**Excerpts from a dataset:**
_ _ _

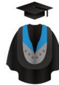
Bachelor of Engineering
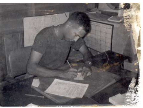
LT FAHEL XO B Co.jpg | Sitting at desk when company XO (431x314)
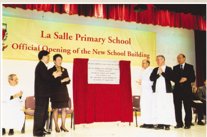
Superior General unveils the Plaque and declares the new school building officially open.
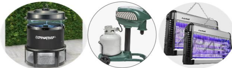
a) Mosquito trap b) Mosquito magnet c) Electric mosquito zipper

These traps mimic numerous mosquito attractants, including body heat and exhaled carbon dioxide. They are powered by electricity, therefore their operation is safe. When a mosquito is drawn to an impeller fan, it attaches to the sticky surface of the trap and is shocked (Sumithra et al., 2014).

_ _ _

**TASK DETAILS:**
Please filter the entries for the word "trap" and copy the lines that have it.

**EXPECTED ANSWER:**
a) Mosquito trap b) Mosquito magnet c) Electric mosquito zipper
These traps mimic numerous mosquito attractants, including body heat and exhaled carbon dioxide. They are powered by electricity, therefore their operation is safe. When a mosquito is drawn to an impeller fan, it attaches to the sticky surface of the trap and is shocked (Sumithra et al., 2014).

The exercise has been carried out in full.